**THE RECORDS**:
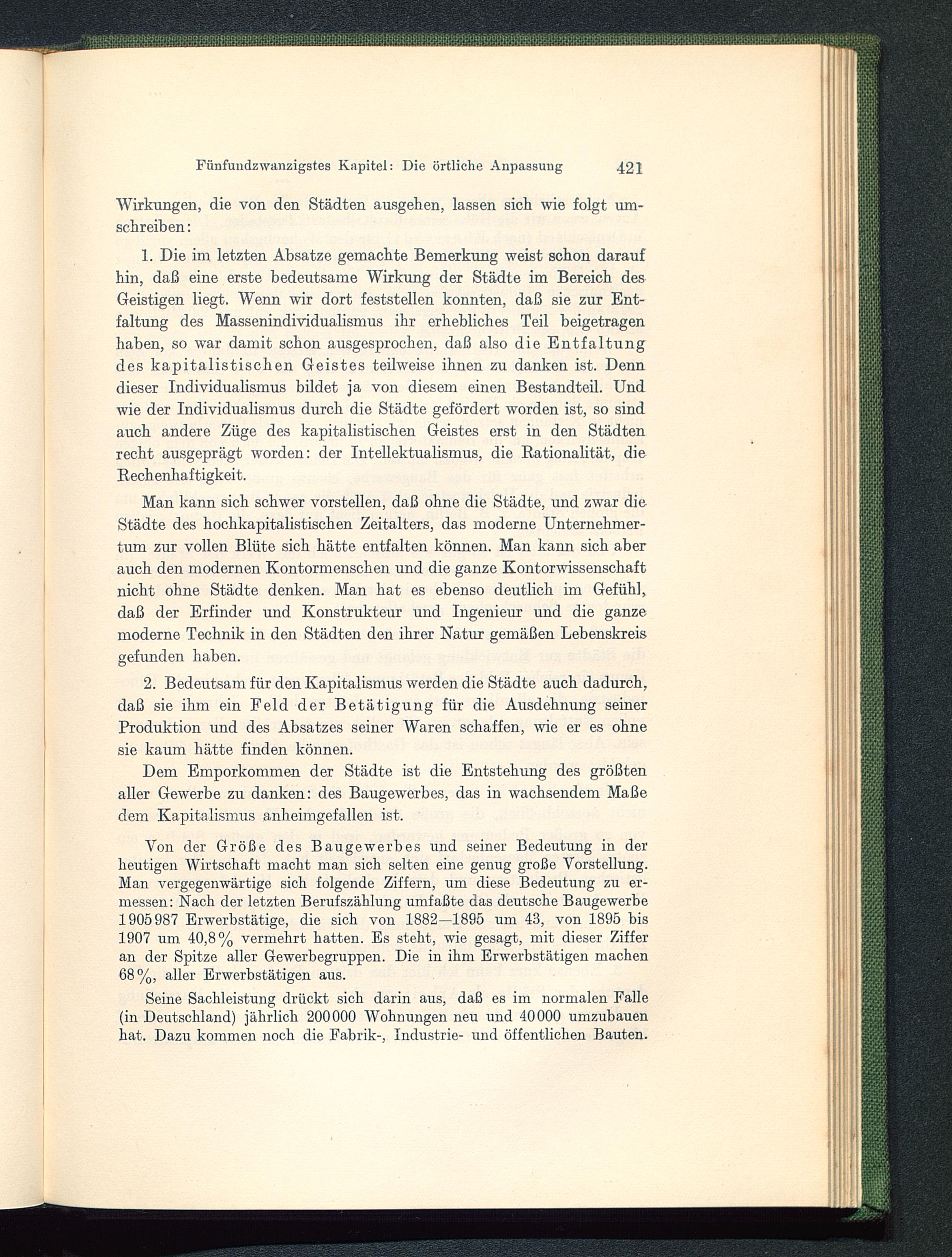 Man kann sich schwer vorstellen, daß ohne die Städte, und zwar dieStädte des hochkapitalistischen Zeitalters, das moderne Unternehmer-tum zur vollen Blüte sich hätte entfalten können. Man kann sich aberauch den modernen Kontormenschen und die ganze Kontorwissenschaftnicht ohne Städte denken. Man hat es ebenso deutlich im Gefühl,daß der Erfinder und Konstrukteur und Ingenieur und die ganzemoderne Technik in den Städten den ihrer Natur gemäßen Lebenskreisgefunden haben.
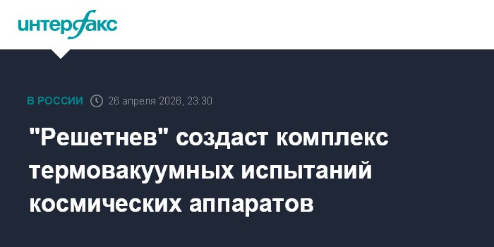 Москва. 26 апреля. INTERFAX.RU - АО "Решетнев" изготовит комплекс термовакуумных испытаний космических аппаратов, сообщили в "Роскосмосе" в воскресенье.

* * *

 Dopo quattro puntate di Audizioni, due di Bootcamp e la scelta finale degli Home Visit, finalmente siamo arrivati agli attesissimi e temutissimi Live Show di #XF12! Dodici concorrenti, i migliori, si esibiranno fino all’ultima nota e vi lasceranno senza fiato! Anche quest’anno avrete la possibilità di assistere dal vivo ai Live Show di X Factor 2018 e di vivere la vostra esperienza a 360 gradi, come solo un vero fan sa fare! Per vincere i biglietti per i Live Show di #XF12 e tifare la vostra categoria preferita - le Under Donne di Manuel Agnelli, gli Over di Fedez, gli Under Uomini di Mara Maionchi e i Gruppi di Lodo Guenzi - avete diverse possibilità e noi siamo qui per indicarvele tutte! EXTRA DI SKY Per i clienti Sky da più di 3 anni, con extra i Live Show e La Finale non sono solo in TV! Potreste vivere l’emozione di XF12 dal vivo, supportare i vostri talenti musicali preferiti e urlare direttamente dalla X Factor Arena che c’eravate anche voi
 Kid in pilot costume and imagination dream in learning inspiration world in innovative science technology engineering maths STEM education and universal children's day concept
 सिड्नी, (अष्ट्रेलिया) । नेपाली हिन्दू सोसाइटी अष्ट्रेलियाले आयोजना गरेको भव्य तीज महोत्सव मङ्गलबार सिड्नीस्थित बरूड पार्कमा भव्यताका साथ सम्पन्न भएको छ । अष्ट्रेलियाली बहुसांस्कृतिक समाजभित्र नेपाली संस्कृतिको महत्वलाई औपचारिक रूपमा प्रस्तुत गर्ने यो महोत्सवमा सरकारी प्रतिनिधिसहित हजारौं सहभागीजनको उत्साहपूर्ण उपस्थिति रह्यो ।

**TASK REQUIREMENTS**: Give the exact lines, and only those, from the line containing "Kid in pilot" through the line containing "सिड्नी, (अष्ट्रेलिया) ।" in the entries above.

**PROBLEM SOLUTION**:
 Kid in pilot costume and imagination dream in learning inspiration world in innovative science technology engineering maths STEM education and universal children's day concept
 सिड्नी, (अष्ट्रेलिया) । नेपाली हिन्दू सोसाइटी अष्ट्रेलियाले आयोजना गरेको भव्य तीज महोत्सव मङ्गलबार सिड्नीस्थित बरूड पार्कमा भव्यताका साथ सम्पन्न भएको छ । अष्ट्रेलियाली बहुसांस्कृतिक समाजभित्र नेपाली संस्कृतिको महत्वलाई औपचारिक रूपमा प्रस्तुत गर्ने यो महोत्सवमा सरकारी प्रतिनिधिसहित हजारौं सहभागीजनको उत्साहपूर्ण उपस्थिति रह्यो ।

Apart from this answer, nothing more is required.